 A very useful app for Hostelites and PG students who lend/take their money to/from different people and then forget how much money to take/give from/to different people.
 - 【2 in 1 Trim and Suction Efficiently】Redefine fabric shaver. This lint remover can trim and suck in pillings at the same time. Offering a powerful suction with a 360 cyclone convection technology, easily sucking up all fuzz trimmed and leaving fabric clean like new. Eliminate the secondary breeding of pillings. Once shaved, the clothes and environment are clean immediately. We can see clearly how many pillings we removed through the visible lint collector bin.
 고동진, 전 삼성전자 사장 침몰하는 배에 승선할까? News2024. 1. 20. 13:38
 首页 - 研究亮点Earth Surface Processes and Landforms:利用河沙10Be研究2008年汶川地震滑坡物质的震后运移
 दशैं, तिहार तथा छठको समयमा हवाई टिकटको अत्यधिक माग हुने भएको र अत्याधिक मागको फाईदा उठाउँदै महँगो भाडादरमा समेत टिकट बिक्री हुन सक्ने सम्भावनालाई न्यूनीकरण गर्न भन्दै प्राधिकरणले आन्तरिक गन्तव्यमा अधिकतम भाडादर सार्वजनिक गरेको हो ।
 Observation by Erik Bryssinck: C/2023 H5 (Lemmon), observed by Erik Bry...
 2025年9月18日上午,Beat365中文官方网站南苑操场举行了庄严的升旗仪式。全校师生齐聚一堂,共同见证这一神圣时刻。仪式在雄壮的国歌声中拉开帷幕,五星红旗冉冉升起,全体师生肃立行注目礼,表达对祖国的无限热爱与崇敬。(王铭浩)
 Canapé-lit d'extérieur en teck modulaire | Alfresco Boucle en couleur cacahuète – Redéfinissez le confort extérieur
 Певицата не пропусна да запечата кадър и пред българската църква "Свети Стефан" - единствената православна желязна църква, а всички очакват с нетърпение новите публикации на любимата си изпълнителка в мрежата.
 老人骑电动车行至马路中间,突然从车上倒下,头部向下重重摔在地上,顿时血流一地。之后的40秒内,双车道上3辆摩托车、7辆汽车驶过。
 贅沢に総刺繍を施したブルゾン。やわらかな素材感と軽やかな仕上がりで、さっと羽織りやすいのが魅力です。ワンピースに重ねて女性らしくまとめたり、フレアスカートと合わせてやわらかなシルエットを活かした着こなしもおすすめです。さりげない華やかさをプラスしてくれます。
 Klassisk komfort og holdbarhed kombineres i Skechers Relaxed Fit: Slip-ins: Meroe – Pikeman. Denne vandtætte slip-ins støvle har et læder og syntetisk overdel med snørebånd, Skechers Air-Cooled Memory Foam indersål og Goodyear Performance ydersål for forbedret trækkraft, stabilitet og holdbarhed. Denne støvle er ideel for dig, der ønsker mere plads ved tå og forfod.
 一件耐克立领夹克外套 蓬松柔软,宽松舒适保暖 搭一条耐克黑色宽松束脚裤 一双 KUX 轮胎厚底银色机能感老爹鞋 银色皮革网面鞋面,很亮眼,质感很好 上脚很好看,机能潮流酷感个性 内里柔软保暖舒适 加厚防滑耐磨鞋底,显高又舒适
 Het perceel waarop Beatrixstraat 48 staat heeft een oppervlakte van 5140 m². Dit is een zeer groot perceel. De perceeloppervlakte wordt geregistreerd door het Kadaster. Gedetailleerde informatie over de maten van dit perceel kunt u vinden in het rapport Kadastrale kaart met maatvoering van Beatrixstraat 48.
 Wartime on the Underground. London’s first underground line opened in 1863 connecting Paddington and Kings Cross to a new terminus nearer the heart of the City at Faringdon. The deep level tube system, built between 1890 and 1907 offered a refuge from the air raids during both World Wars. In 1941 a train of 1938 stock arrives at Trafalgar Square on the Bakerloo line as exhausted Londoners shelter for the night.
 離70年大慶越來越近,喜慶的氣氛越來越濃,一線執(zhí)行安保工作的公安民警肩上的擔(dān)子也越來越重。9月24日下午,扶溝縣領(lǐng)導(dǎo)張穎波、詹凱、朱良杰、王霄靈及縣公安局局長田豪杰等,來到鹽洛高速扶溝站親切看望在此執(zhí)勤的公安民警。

===

▶ [Problem statement]
In the listing above, find the line with "首页 - 研究亮点Earth" and the line with "दशैं, तिहार तथा"; output exactly those lines and all lines between them.

▶ [Output]
 首页 - 研究亮点Earth Surface Processes and Landforms:利用河沙10Be研究2008年汶川地震滑坡物质的震后运移
 दशैं, तिहार तथा छठको समयमा हवाई टिकटको अत्यधिक माग हुने भएको र अत्याधिक मागको फाईदा उठाउँदै महँगो भाडादरमा समेत टिकट बिक्री हुन सक्ने सम्भावनालाई न्यूनीकरण गर्न भन्दै प्राधिकरणले आन्तरिक गन्तव्यमा अधिकतम भाडादर सार्वजनिक गरेको हो ।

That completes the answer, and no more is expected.